With commitments we are bound to have our summer hols in August or early september.

Any sugestions for Switzerland as we have only passed thro`en route to Italy in teh past.

Any Ideas on weather in early september, need to book sites etc.

dave p


----------



## barryd (May 9, 2008)

Im off there Dave, late June / early July. I discovered this guide to the Interlaken area http://motorhomefacts.com/ftoptitle-101621-a-guide-to-interlaken-and-surroundings.html

There dont seem to be too many Aires or wild spots and campsites seem expensive but you may get ACSI rates in September.

Have no idea about the weather. I think it can be mixed. Its the Alps so you could get all sorts.

Ill let you know if the country is still in one piece when Ive finished with it and if its still worth going.


----------



## rayrecrok (Nov 21, 2008)

Hi.

Try Interlaken you wont be disappointed, try this you wont be disappointed, and to sit in the campsite at Interlaken west next to the river between the two lakes and watch the boats going by, while there are Golden Eagles hovering on thermals between the mountains is magical.

take plenty of drinking vouchers though it's bloody expensive, we went out and had a burger, we could have had a three course meal over here for the same price.. We decided to eat in after that!.

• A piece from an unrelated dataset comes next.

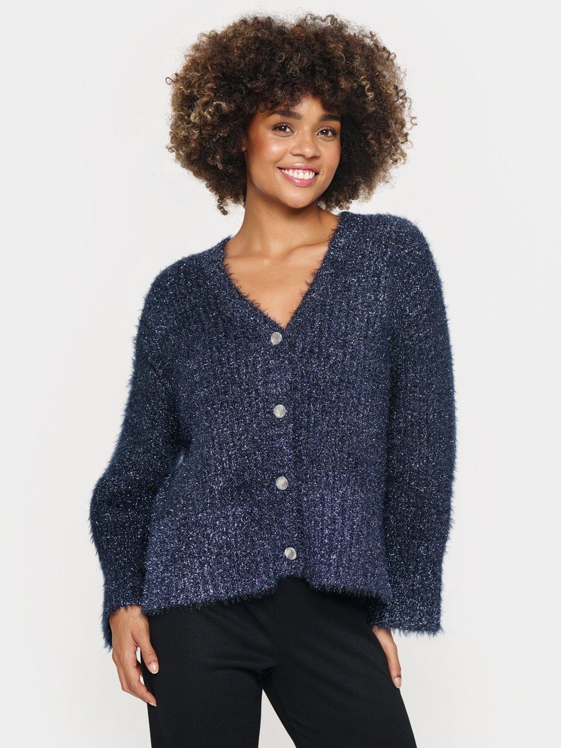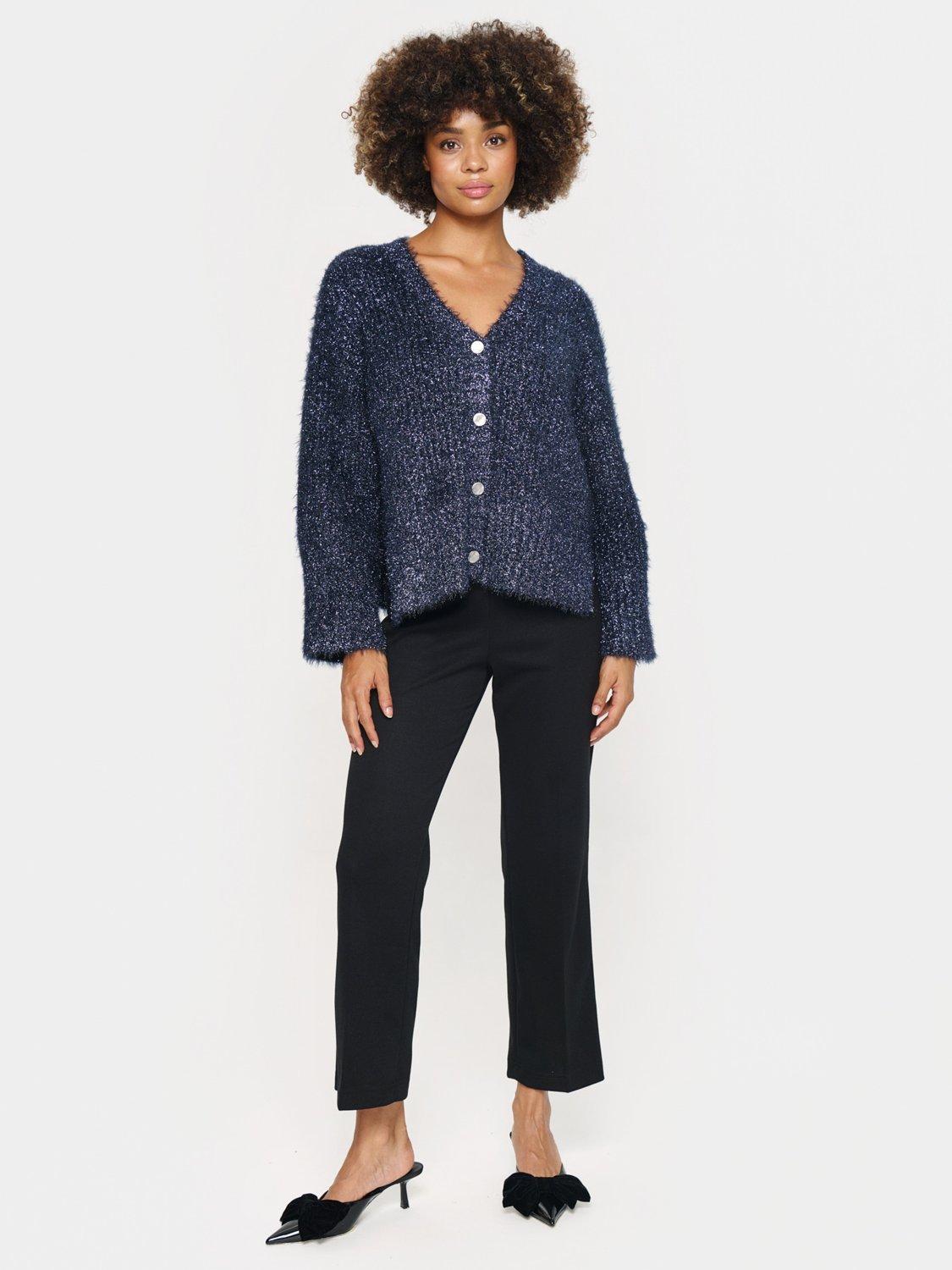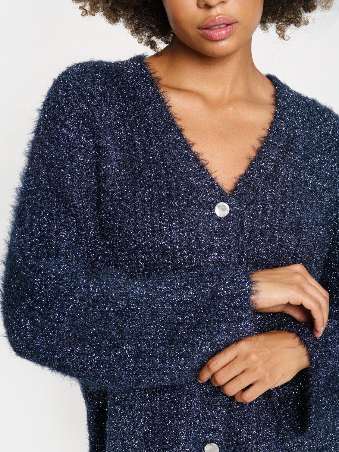 The Halfa cardigan is a cosy and glittery style, that will make your day and outfit sparkle. It has a deep V-neck and button fastening, and it is made in a chunky metallic knit. The sleeves are long and loose, and the cardigan has a casual fit with drop shoulders.

Plenty of chocolate box scenery though.


----------



## Rapide561 (Oct 1, 2005)

*Switzerland*

Dave

There is an aire at Montreux - I think it has hook up.

Zermatt is worthy of a look to see the Matterhorn and the Gornergrat railway - expensive though.

We are returning to Italy on the 28th August (subject to dog, vans, domestic arguments etc) and are going via Besancon, Lake Geneva, Montreux and Zermatt. Weather should be pretty good.

Russell


----------



## Rosbotham (May 4, 2008)

Another vote for Interlaken (though we prefer Camping Jungfrau up at Lauterbrunnen...expensive but a cracking site). Not stayed on it in decades, but seem to recall the lido site at Lucerne is nice as well.

Weather...well roll a dice. We've had good weather at that time of year. We've had constant rain for a week in Switzerland. Not in Switzerland, but in Austria we've had 6 feet of snow in early Sept...mercifully we weren't in the van, but it shattered the myth that other countries cope with snow better than us - it was early hence nobody had put their winter tyres on hence absolute chaos on a par with anything we get here.


----------